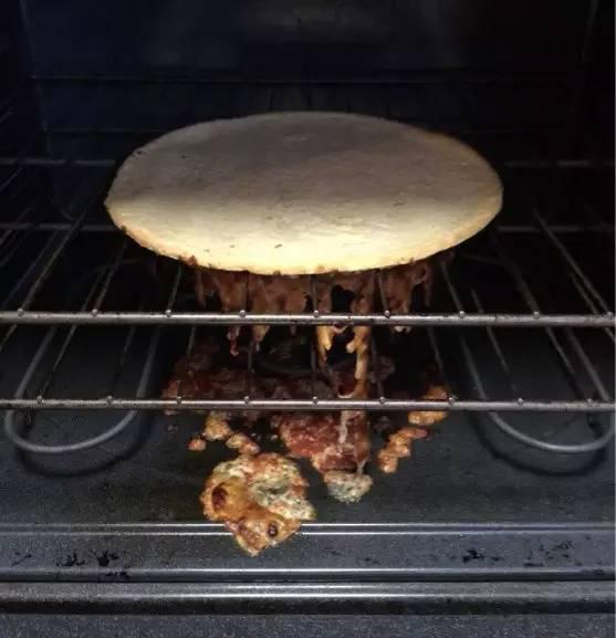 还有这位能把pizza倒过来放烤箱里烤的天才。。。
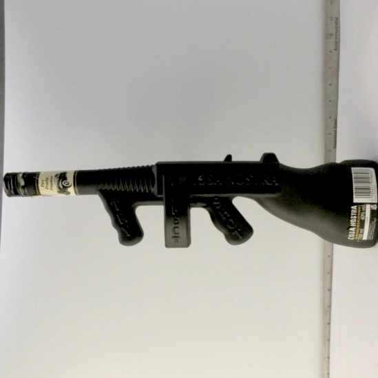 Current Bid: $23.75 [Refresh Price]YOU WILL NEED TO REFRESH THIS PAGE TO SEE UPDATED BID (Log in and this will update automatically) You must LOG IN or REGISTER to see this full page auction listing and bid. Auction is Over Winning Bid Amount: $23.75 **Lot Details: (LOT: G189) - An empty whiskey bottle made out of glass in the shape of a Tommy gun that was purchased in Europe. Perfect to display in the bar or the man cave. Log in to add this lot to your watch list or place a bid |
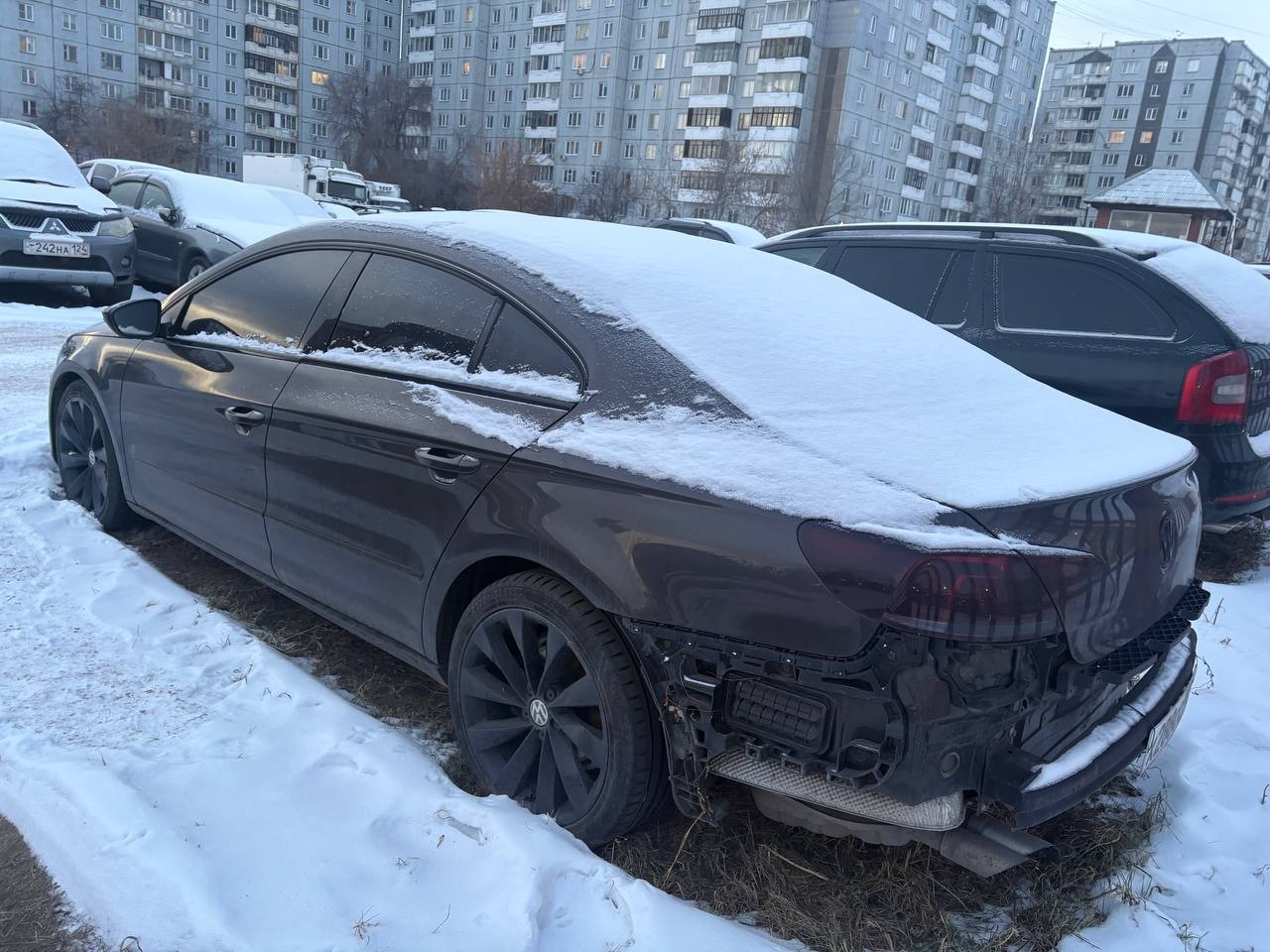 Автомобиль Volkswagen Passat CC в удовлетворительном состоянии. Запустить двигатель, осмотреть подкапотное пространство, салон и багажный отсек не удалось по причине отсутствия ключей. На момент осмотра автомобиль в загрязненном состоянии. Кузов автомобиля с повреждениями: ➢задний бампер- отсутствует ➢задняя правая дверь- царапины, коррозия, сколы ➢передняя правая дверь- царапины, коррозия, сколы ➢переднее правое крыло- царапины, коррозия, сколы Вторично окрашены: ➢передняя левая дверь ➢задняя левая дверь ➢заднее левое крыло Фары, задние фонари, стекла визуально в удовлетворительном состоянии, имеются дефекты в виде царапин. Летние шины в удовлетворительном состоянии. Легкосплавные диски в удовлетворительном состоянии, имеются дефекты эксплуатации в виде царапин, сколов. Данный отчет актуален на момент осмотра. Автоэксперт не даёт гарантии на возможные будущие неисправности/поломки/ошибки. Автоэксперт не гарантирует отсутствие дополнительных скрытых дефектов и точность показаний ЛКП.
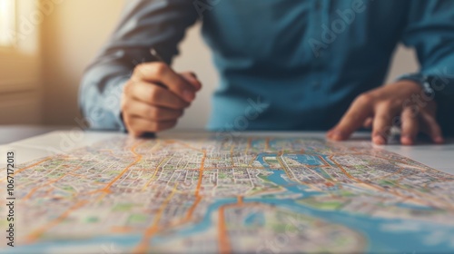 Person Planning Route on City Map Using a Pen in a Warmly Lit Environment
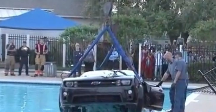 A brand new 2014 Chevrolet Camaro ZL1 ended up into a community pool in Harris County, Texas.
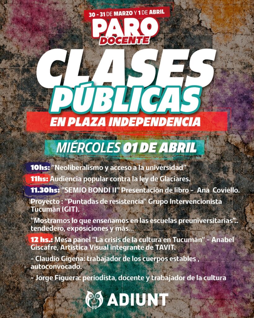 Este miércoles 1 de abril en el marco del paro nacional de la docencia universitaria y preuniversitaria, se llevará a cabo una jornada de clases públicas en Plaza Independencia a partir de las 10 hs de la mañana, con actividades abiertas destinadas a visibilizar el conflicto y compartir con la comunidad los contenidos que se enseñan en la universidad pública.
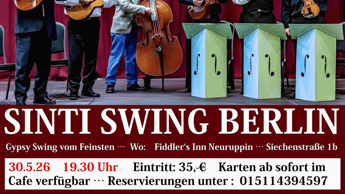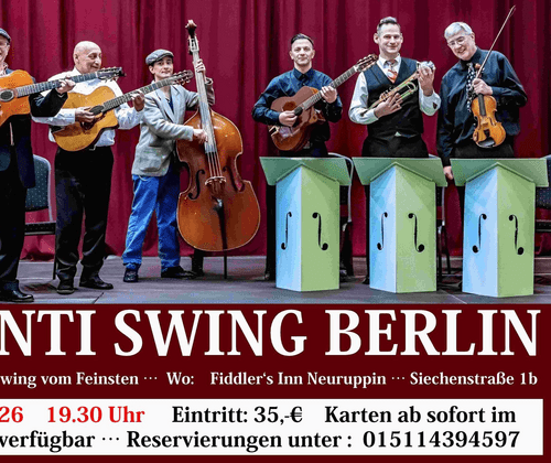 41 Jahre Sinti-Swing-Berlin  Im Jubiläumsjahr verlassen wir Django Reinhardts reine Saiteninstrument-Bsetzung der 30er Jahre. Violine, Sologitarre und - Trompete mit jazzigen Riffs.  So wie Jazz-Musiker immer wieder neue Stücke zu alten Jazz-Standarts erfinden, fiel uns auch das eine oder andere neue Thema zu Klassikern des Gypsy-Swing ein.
★ ★ ★
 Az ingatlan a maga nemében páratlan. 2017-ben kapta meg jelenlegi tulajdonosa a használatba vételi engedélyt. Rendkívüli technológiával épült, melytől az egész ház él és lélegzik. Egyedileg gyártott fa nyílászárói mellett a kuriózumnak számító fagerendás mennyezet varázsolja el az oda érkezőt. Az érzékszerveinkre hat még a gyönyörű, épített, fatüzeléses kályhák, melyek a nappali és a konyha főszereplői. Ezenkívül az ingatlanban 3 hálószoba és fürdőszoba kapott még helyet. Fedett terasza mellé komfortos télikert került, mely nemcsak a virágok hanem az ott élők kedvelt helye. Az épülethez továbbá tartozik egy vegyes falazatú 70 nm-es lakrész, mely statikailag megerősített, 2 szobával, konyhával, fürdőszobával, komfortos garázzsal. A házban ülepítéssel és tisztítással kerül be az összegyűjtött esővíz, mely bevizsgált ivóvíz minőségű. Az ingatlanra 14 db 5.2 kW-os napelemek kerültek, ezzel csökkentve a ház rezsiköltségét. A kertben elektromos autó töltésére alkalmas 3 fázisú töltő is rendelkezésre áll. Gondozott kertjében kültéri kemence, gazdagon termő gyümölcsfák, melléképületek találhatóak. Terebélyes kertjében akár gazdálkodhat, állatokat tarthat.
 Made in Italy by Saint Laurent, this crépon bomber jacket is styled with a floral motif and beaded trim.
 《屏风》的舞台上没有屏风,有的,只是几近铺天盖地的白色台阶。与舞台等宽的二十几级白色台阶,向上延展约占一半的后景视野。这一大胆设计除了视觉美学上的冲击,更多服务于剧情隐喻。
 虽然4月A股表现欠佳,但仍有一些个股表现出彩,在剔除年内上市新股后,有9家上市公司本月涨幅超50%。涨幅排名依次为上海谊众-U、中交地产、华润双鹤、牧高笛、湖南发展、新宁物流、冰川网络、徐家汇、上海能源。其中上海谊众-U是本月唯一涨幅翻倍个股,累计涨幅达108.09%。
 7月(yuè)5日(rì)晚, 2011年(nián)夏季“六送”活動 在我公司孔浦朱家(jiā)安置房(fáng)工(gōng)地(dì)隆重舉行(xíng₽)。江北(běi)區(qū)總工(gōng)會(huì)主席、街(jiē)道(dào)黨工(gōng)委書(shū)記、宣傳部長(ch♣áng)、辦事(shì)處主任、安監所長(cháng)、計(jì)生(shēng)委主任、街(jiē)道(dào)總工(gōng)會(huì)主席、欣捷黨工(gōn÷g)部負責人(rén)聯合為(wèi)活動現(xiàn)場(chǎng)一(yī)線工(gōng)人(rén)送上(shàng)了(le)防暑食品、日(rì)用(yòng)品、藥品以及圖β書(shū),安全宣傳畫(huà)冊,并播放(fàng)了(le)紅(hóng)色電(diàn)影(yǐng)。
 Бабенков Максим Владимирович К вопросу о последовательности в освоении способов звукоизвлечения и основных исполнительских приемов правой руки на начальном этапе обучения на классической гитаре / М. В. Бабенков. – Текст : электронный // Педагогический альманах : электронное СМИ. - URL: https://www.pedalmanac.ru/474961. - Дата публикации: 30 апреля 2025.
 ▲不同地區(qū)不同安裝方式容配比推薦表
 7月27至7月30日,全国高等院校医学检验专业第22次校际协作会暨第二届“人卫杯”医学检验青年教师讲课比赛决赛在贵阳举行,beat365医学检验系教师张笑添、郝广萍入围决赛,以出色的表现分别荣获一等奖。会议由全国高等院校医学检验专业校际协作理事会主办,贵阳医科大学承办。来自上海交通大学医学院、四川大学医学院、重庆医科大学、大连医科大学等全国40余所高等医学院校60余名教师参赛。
★ ★ ★
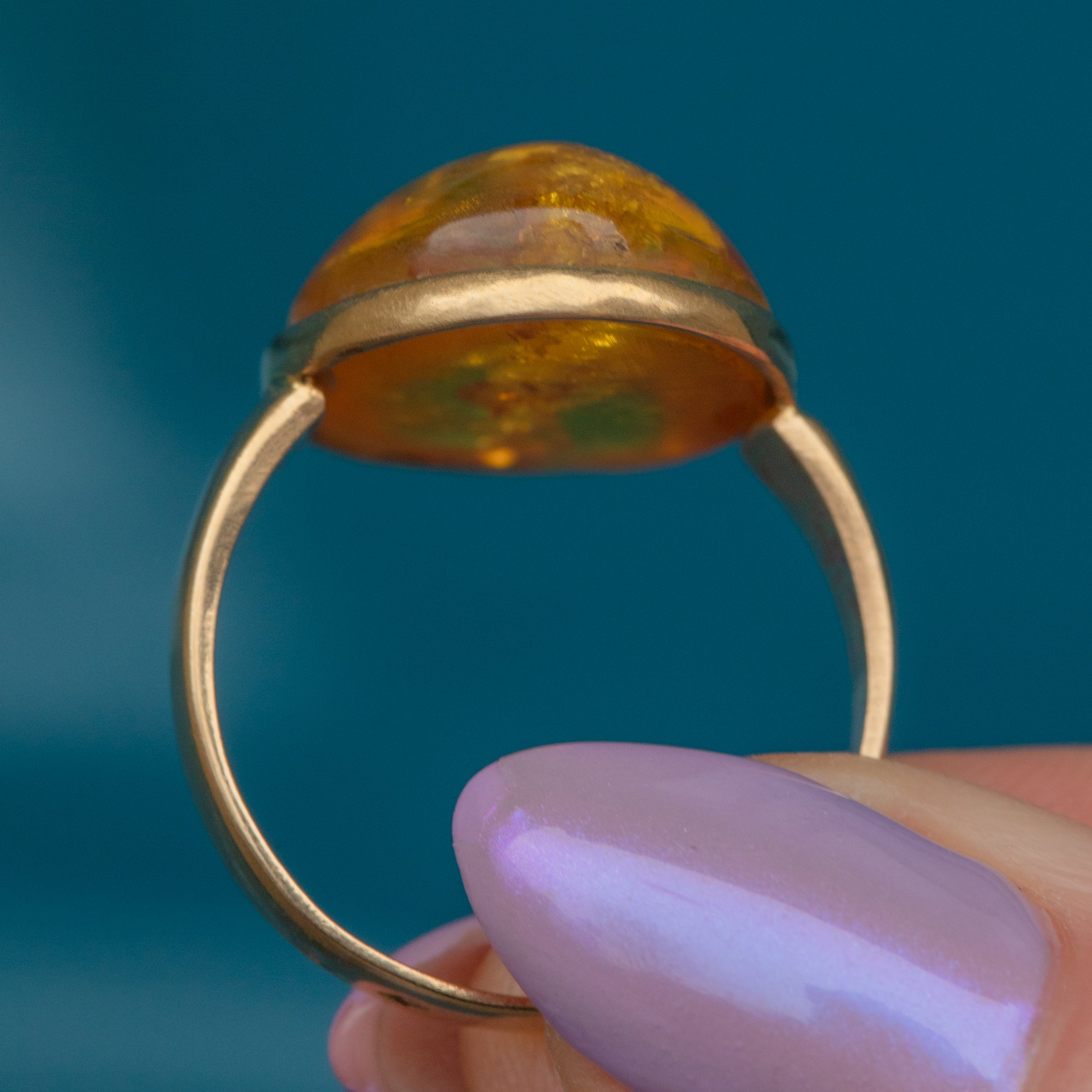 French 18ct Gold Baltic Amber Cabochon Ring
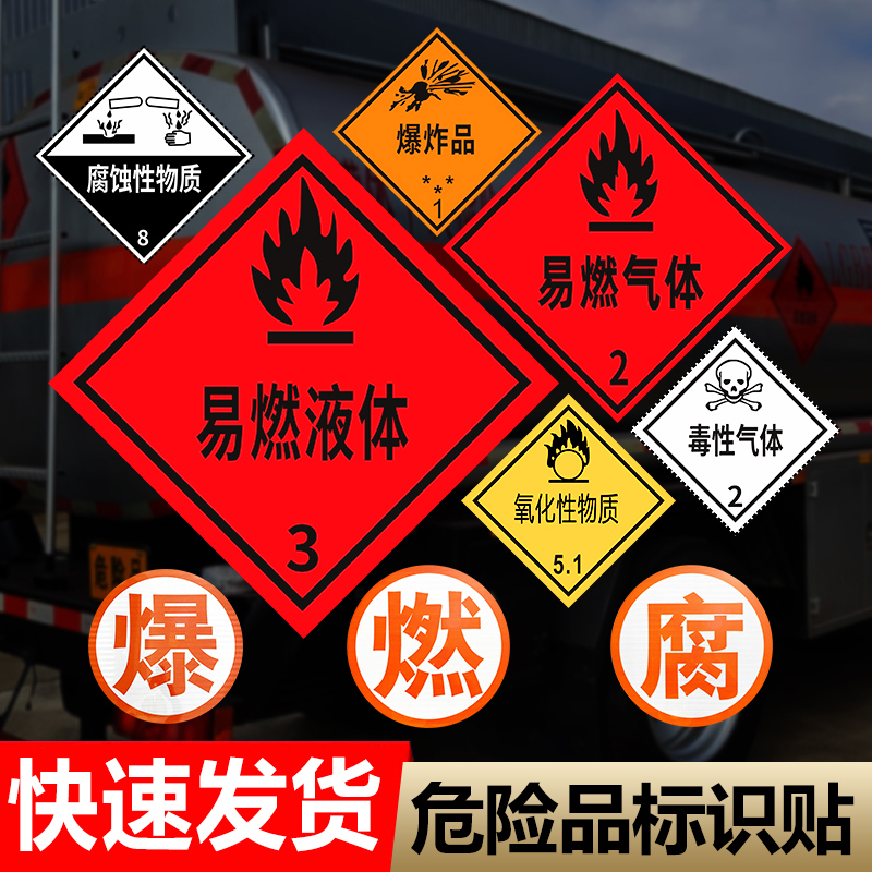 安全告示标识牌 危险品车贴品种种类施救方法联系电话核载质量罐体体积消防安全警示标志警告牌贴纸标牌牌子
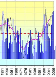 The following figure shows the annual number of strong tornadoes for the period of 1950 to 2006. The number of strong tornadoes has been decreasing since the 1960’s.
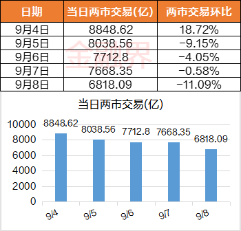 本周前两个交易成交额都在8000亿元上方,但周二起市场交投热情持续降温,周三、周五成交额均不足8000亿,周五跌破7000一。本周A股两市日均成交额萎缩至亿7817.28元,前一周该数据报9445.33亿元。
★ ★ ★
## WORK REQUIRED
In the listing above, find the line containing "French 18ct Gold Baltic Amber Cabochon Ring" and the line containing "本周前两个交易成交额都在80", then return both of them and every line between, exactly, without pictures.

## YOUR RESPONSE
 French 18ct Gold Baltic Amber Cabochon Ring
 安全告示标识牌 危险品车贴品种种类施救方法联系电话核载质量罐体体积消防安全警示标志警告牌贴纸标牌牌子
 The following figure shows the annual number of strong tornadoes for the period of 1950 to 2006. The number of strong tornadoes has been decreasing since the 1960’s.
 本周前两个交易成交额都在8000亿元上方,但周二起市场交投热情持续降温,周三、周五成交额均不足8000亿,周五跌破7000一。本周A股两市日均成交额萎缩至亿7817.28元,前一周该数据报9445.33亿元。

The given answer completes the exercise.